DATA UNDER STUDY
━━━━━━━━━━

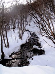 別荘地前の舗装道路にはうっすらと雪が残っているので山スキー組は最初から板を履いてスタート。15分ほど歩くとアスファルトの道が終わり、林道に続く。左手にヤカイ沢の流れを見る。
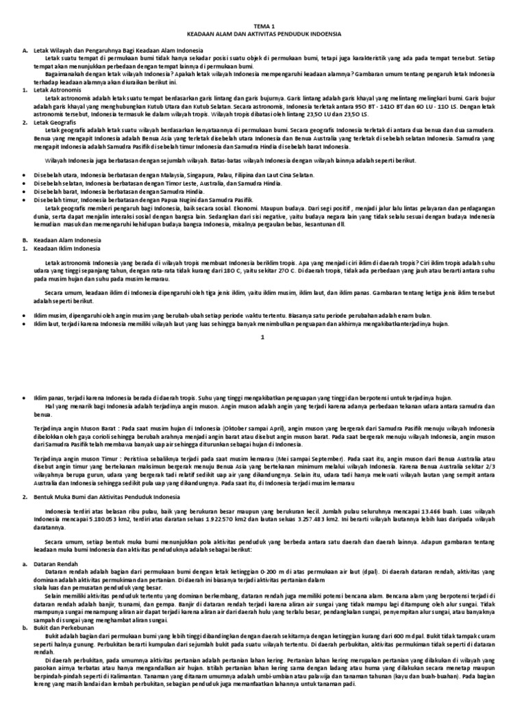 Tema 1 Keadaan Alam Dan Aktivitas Penduduk Indoensia A. Letak …
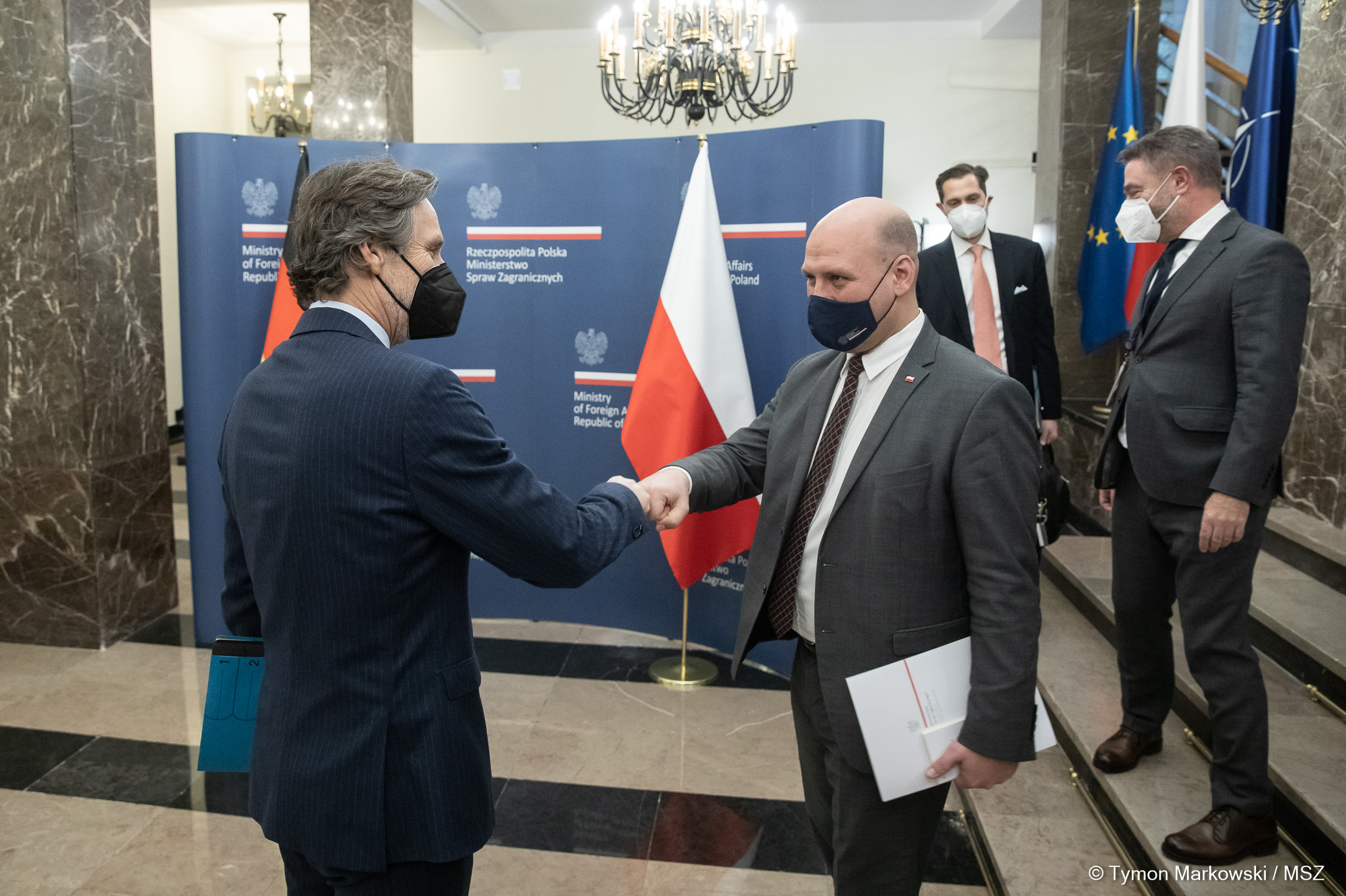 Podczas spotkania dokonano analizy rozwoju sytuacji na Ukrainie w kontekście potencjalnego zagrożenia atakiem ze strony Rosji, jak też oceny sytuacji na granicy polsko – białoruskiej. W obliczu aktualnych wyzwań w polityce wschodniej, wiceminister ponownie wyraził zdecydowanie krytyczną ocenę projektu Nord Stream 2, wskazując jego wielowymiarowe szkodliwe skutki dla bezpieczeństwa energetycznego całego regionu. Jens Plötner zapewnił o pełnym wsparciu Niemiec dla wysiłków polskiego przewodnictwa w Organizacji Bezpieczeństwa i Współpracy w Europie w tak wymagającym czasie. Wiceminister Szynkowski vel Sęk podniósł w rozmowie kwestię reparacji za szkody poniesione przez Polskę i jej obywateli podczas II wojny światowej. Przekazał również, że strona polska w pełni docenia ideę wzniesienia w stolicy Niemiec pomnika dedykowanego pamięci polskich ofiar III Rzeszy Niemieckiej.
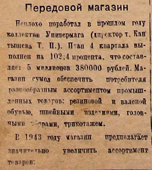 Неплохо поработал в прошлом году коллектив Универмага (директор т. Кантышева Т. П.). План 4 квартала выполнен на 102,4 процента, что составляет 5 миллионов 380000 рублей. Магазин сумел обеспечить потребителя разнообразным ассортиментом промышленных товаров: резиновой и валеной обувью, швейными изделиями, головными уборами, трикотажем.
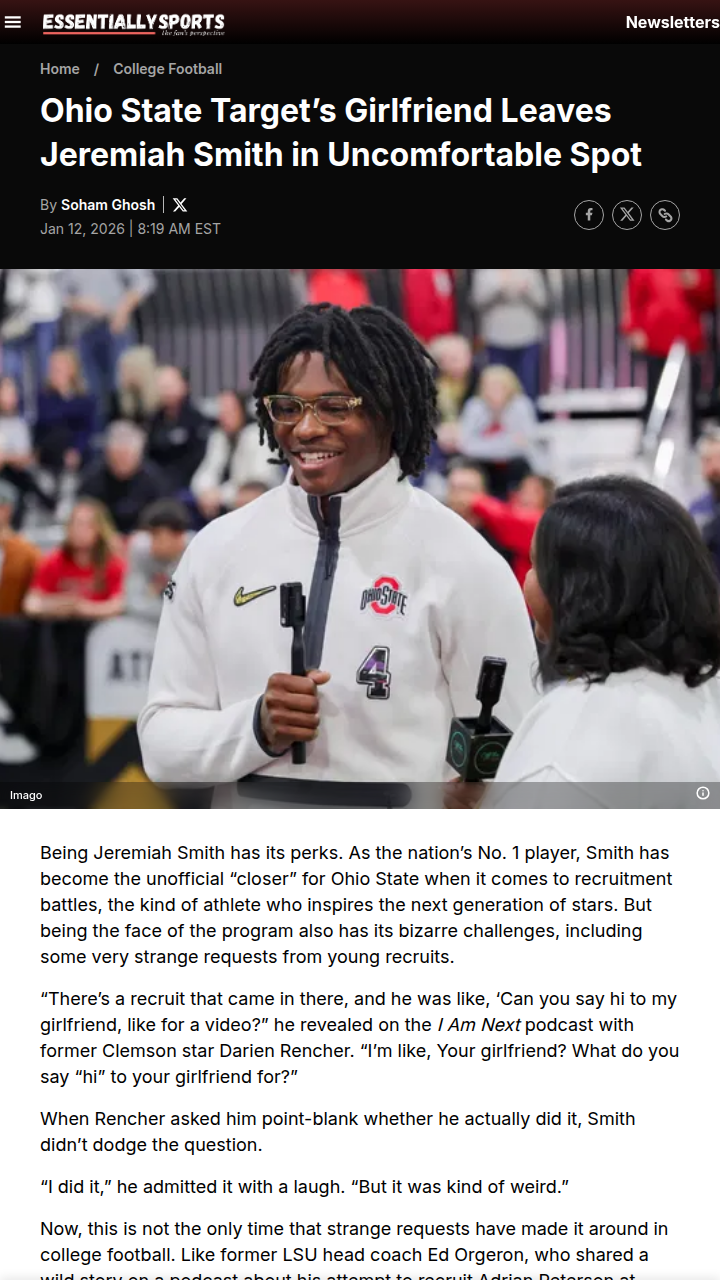 Amy Williams+FollowJeremiah Smith’s wildest recruiting moment yetOhio State’s star receiver Jeremiah Smith just shared a recruiting story that’s as awkward as it is hilarious. During a campus visit, a fellow recruit asked Smith to record a video greeting for his girlfriend—talk about unexpected job duties! Smith, who’s become the Buckeyes’ secret weapon in attracting top talent, didn’t hesitate to help, even if it felt a bit weird. His commitment to building a powerhouse roster is clear, and recruits are noticing. With Smith’s drive and personality, Ohio State’s future looks even brighter. Would you go the extra mile like Smith to land the next big star? #Sports #Football #OhioState00Share
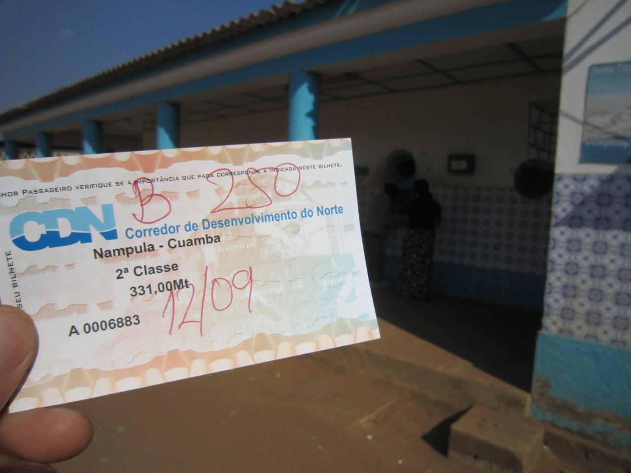 午後3時前切符を買いに向かった。列車がもうすぐ到着するようで駅前はミニバスや出迎えの人でにぎわいだした。この町が一番にぎわうのは列車が到着するこの時間なのだろう。切符売り場の窓口は開いており、なんなく切符を買うことができた。ジンバブエの悲惨なイメージがあったので窓口に客が誰もおらず拍子抜けしてしまった。二等は一応座席指定で出発は朝5時だ。
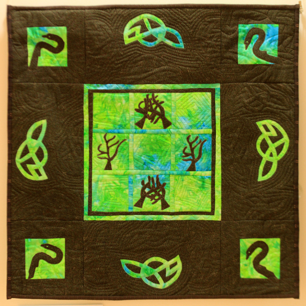 The carved initials of poet W.B. Yeats and dramatist J.M. Synge on the “Autograph Tree” in Lady Gregory’s Coole Park. They were central to our early 20th Century Literary Revival, our Celtic Dawn. Machine pieced and quilted. Cotton and synthetic fabrics.
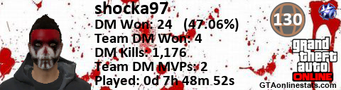 [URL=http://GTAonlinestats.com/showplayer/shocka97][IMG]http://GTAonlinestats.com/dmsignature/shocka97/sig.png[/IMG][/URL]
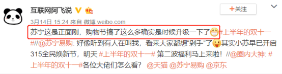 随着315晚会的临近,315的气氛也越来越浓烈,而近日微博上传得火热的“将315打造成为‘上半年的双十一’”事件,似乎也有了一个令人满意的结果……
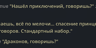 >>1327791 Ну охуеть, скрипт ответов уже года два висит в локалко треде. Те же самые структурные залупы. Точно такая же разбивка ответа. На описание-диалог-действие. Действительно, ебать другое. И вот ради этого клянчить и скраппить ключи и унижаться ?
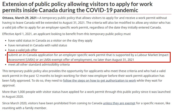 加拿大访客境内申工签政策延续到8月31日Published by ccic on 2021-03-292021-03-293月29日,联邦移民部延长了关于“访客在加拿大境内直接申请工签”的政策: 去年8月,为了应对新冠疫情的影响,加拿大出台了临时政策:已在境内的访客(包括旅游、探亲、陪读),如果持有有效的LMIA,可以无需出境直接在境内申请工作签证。 当时该临时政策的有效期至2021年3月31日【详细内容点击阅读】,现在临近到期日,移民部将该政策延续到2021年8月31日。 Views: 2,160 Categories: 最新移民动态
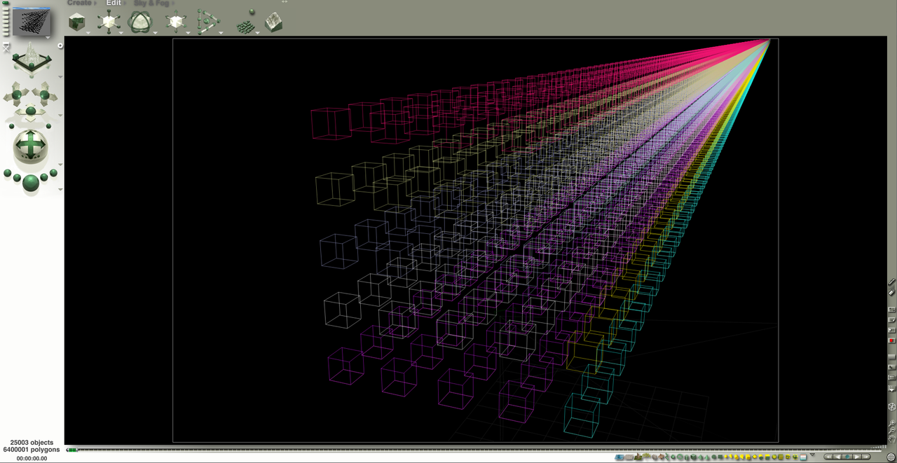 In the same breath as I state that higher polygon models can get you more polygons into the scene, the price that is paid is that Bryce gets less responsive, especially with meshes exceeding 1 million triangles. So somewhere in the middle, probably in the 1/2 million polygon range, where the polygon count is ideal for making lots of instanced polygons while still keeping scene navigation swift.
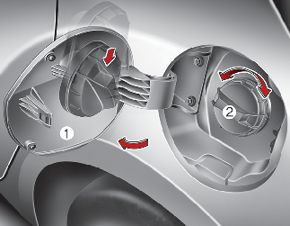 연료 주입구 캡(2)을 시계 반대 방향으로 돌려 여십시오.
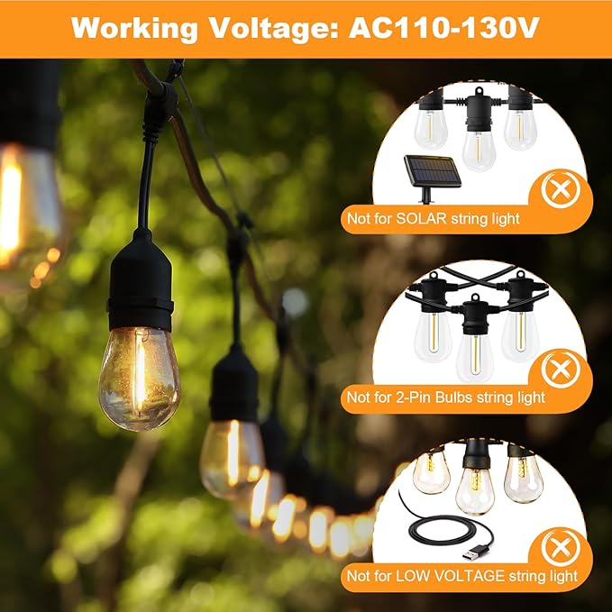 • ⚠️ Warm Tips: WORKING VOLTAGE: 110V-130V, these S14 light bulbs are not compatible with SOLAR STRING LIGHTS or other string lights that operate at a LOW VOLTAGE(such as DC 3V or 6V).
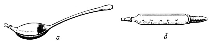 Рис. 43. Приспособления для выкармливания осиротевших щенков: а - ложечка с соской; б - пипетка на 5 мл для очень мелких щенков
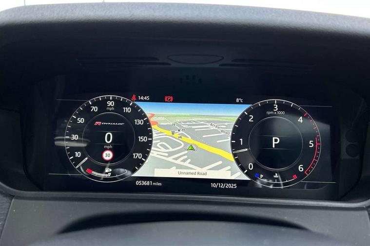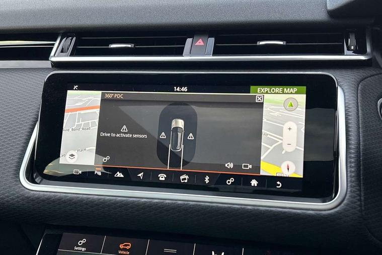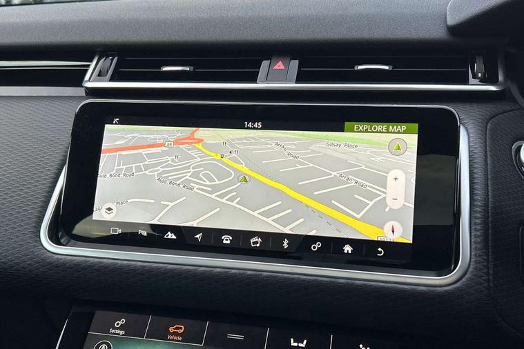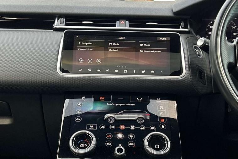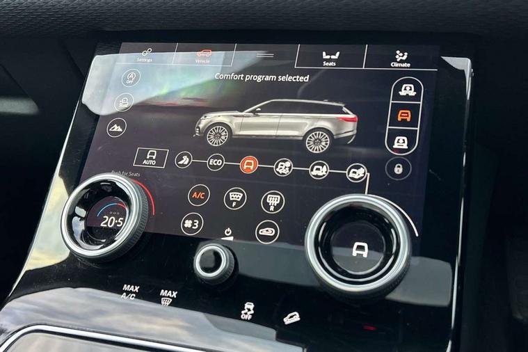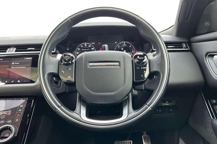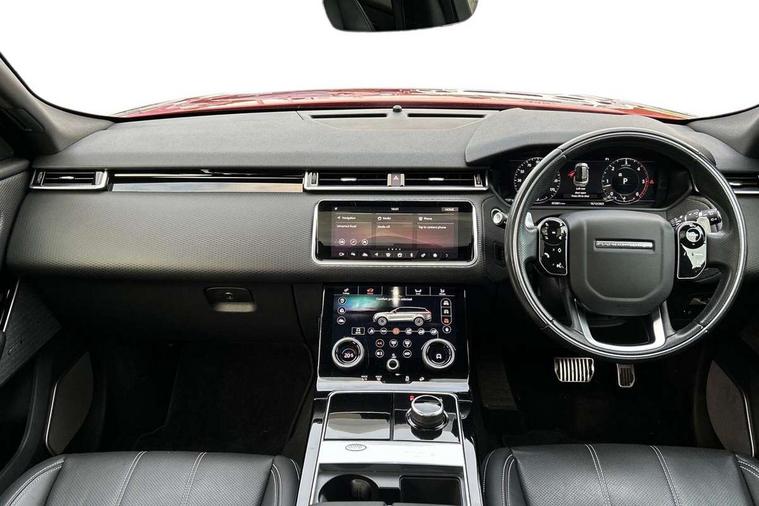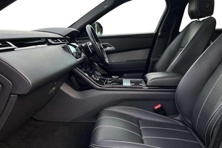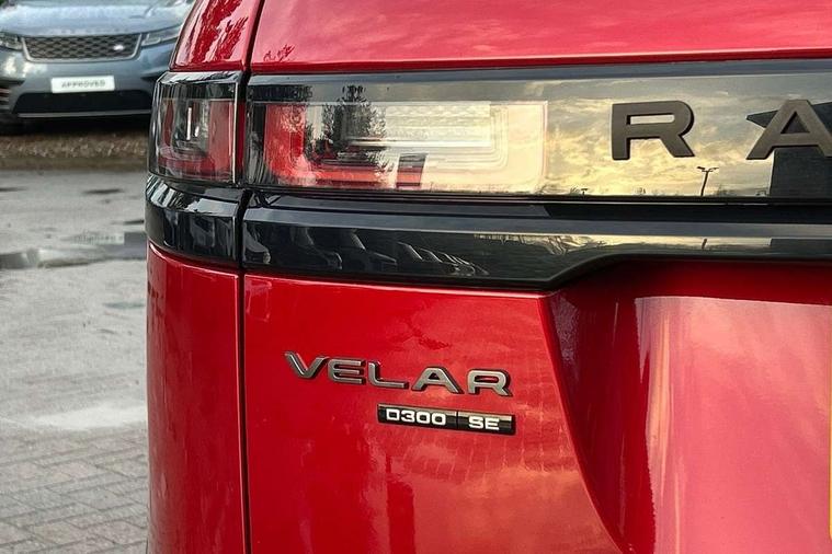 360 degree Park Distance Control, Bluetooth system, Driver condition monitor, Electric power assisted steering, Gesture tailgate, InControl remote, InControl Touch navigation pro, Interactive Driver display instrument cluster, Land Rover InControl apps, Lane keep assist, Park Assist - Parallel Park/Parking Exit/Perpendicular park, Pro services and wifi hotspot, Rear cross traffic alert, Service indicator, Speed proportional steering, Traffic sign recognition with adaptive speed limiter, Trip computer, Voice control system, DAB Digital radio, Steering wheel mounted controls, Acoustic windscreen, Adaptive front lighting system, Auto dim internal rear view mirror, Automatic headlamp levelling, Automatic headlights, Body coloured bumpers, Boot lid spoiler, Cornering light, Electric front/rear windows/one touch operation, Flush deployable exterior door handles, Follow me home headlights, Heated rear window with timer, Heated windscreen, R Dynamic badge, Rain sensor windscreen wipers, Rear fog lights, Rear wiper, SE badge, Trailer stability assist, Velar badge, 40:20:40 split folding rear seats, Adjustable front armrest, Bright finish pedals, Driver and passenger illuminated vanity mirror, Front and rear head restraints, Isofix system on outer rear seats, Loadspace cover, 350mm front brakes, 3x3 point rear seatbelts, ABS + traction control, Cornering brake control, Curtain airbags, Door side intrusion beams, Driver airbag, DSC - Dynamic Stability Control, Electronic brake force distribution, Electronic parking brake, Emergency brake assist, ESP, Front and rear seatbelt reminder, Hill launch assist, Low friction launch, Passenger airbag, Power child locks, Rear airbags, Roll stability control, Side airbags, Tyre pressure monitoring system, Immobiliser, Keyless entry, Perimetric alarm, Remote central locking,

━━━━━━━━━━

ACTIVITY
Your answer is all of the records restated word for word, pictures excluded.

ANSWER TO THIS TASK
 別荘地前の舗装道路にはうっすらと雪が残っているので山スキー組は最初から板を履いてスタート。15分ほど歩くとアスファルトの道が終わり、林道に続く。左手にヤカイ沢の流れを見る。
 Tema 1 Keadaan Alam Dan Aktivitas Penduduk Indoensia A. Letak …
 Podczas spotkania dokonano analizy rozwoju sytuacji na Ukrainie w kontekście potencjalnego zagrożenia atakiem ze strony Rosji, jak też oceny sytuacji na granicy polsko – białoruskiej. W obliczu aktualnych wyzwań w polityce wschodniej, wiceminister ponownie wyraził zdecydowanie krytyczną ocenę projektu Nord Stream 2, wskazując jego wielowymiarowe szkodliwe skutki dla bezpieczeństwa energetycznego całego regionu. Jens Plötner zapewnił o pełnym wsparciu Niemiec dla wysiłków polskiego przewodnictwa w Organizacji Bezpieczeństwa i Współpracy w Europie w tak wymagającym czasie. Wiceminister Szynkowski vel Sęk podniósł w rozmowie kwestię reparacji za szkody poniesione przez Polskę i jej obywateli podczas II wojny światowej. Przekazał również, że strona polska w pełni docenia ideę wzniesienia w stolicy Niemiec pomnika dedykowanego pamięci polskich ofiar III Rzeszy Niemieckiej.
 Неплохо поработал в прошлом году коллектив Универмага (директор т. Кантышева Т. П.). План 4 квартала выполнен на 102,4 процента, что составляет 5 миллионов 380000 рублей. Магазин сумел обеспечить потребителя разнообразным ассортиментом промышленных товаров: резиновой и валеной обувью, швейными изделиями, головными уборами, трикотажем.
 Amy Williams+FollowJeremiah Smith’s wildest recruiting moment yetOhio State’s star receiver Jeremiah Smith just shared a recruiting story that’s as awkward as it is hilarious. During a campus visit, a fellow recruit asked Smith to record a video greeting for his girlfriend—talk about unexpected job duties! Smith, who’s become the Buckeyes’ secret weapon in attracting top talent, didn’t hesitate to help, even if it felt a bit weird. His commitment to building a powerhouse roster is clear, and recruits are noticing. With Smith’s drive and personality, Ohio State’s future looks even brighter. Would you go the extra mile like Smith to land the next big star? #Sports #Football #OhioState00Share
 午後3時前切符を買いに向かった。列車がもうすぐ到着するようで駅前はミニバスや出迎えの人でにぎわいだした。この町が一番にぎわうのは列車が到着するこの時間なのだろう。切符売り場の窓口は開いており、なんなく切符を買うことができた。ジンバブエの悲惨なイメージがあったので窓口に客が誰もおらず拍子抜けしてしまった。二等は一応座席指定で出発は朝5時だ。
 The carved initials of poet W.B. Yeats and dramatist J.M. Synge on the “Autograph Tree” in Lady Gregory’s Coole Park. They were central to our early 20th Century Literary Revival, our Celtic Dawn. Machine pieced and quilted. Cotton and synthetic fabrics.
 [URL=http://GTAonlinestats.com/showplayer/shocka97][IMG]http://GTAonlinestats.com/dmsignature/shocka97/sig.png[/IMG][/URL]
 随着315晚会的临近,315的气氛也越来越浓烈,而近日微博上传得火热的“将315打造成为‘上半年的双十一’”事件,似乎也有了一个令人满意的结果……
 >>1327791 Ну охуеть, скрипт ответов уже года два висит в локалко треде. Те же самые структурные залупы. Точно такая же разбивка ответа. На описание-диалог-действие. Действительно, ебать другое. И вот ради этого клянчить и скраппить ключи и унижаться ?
 加拿大访客境内申工签政策延续到8月31日Published by ccic on 2021-03-292021-03-293月29日,联邦移民部延长了关于“访客在加拿大境内直接申请工签”的政策: 去年8月,为了应对新冠疫情的影响,加拿大出台了临时政策:已在境内的访客(包括旅游、探亲、陪读),如果持有有效的LMIA,可以无需出境直接在境内申请工作签证。 当时该临时政策的有效期至2021年3月31日【详细内容点击阅读】,现在临近到期日,移民部将该政策延续到2021年8月31日。 Views: 2,160 Categories: 最新移民动态
 In the same breath as I state that higher polygon models can get you more polygons into the scene, the price that is paid is that Bryce gets less responsive, especially with meshes exceeding 1 million triangles. So somewhere in the middle, probably in the 1/2 million polygon range, where the polygon count is ideal for making lots of instanced polygons while still keeping scene navigation swift.
 연료 주입구 캡(2)을 시계 반대 방향으로 돌려 여십시오.
 • ⚠️ Warm Tips: WORKING VOLTAGE: 110V-130V, these S14 light bulbs are not compatible with SOLAR STRING LIGHTS or other string lights that operate at a LOW VOLTAGE(such as DC 3V or 6V).
 Рис. 43. Приспособления для выкармливания осиротевших щенков: а - ложечка с соской; б - пипетка на 5 мл для очень мелких щенков
 360 degree Park Distance Control, Bluetooth system, Driver condition monitor, Electric power assisted steering, Gesture tailgate, InControl remote, InControl Touch navigation pro, Interactive Driver display instrument cluster, Land Rover InControl apps, Lane keep assist, Park Assist - Parallel Park/Parking Exit/Perpendicular park, Pro services and wifi hotspot, Rear cross traffic alert, Service indicator, Speed proportional steering, Traffic sign recognition with adaptive speed limiter, Trip computer, Voice control system, DAB Digital radio, Steering wheel mounted controls, Acoustic windscreen, Adaptive front lighting system, Auto dim internal rear view mirror, Automatic headlamp levelling, Automatic headlights, Body coloured bumpers, Boot lid spoiler, Cornering light, Electric front/rear windows/one touch operation, Flush deployable exterior door handles, Follow me home headlights, Heated rear window with timer, Heated windscreen, R Dynamic badge, Rain sensor windscreen wipers, Rear fog lights, Rear wiper, SE badge, Trailer stability assist, Velar badge, 40:20:40 split folding rear seats, Adjustable front armrest, Bright finish pedals, Driver and passenger illuminated vanity mirror, Front and rear head restraints, Isofix system on outer rear seats, Loadspace cover, 350mm front brakes, 3x3 point rear seatbelts, ABS + traction control, Cornering brake control, Curtain airbags, Door side intrusion beams, Driver airbag, DSC - Dynamic Stability Control, Electronic brake force distribution, Electronic parking brake, Emergency brake assist, ESP, Front and rear seatbelt reminder, Hill launch assist, Low friction launch, Passenger airbag, Power child locks, Rear airbags, Roll stability control, Side airbags, Tyre pressure monitoring system, Immobiliser, Keyless entry, Perimetric alarm, Remote central locking,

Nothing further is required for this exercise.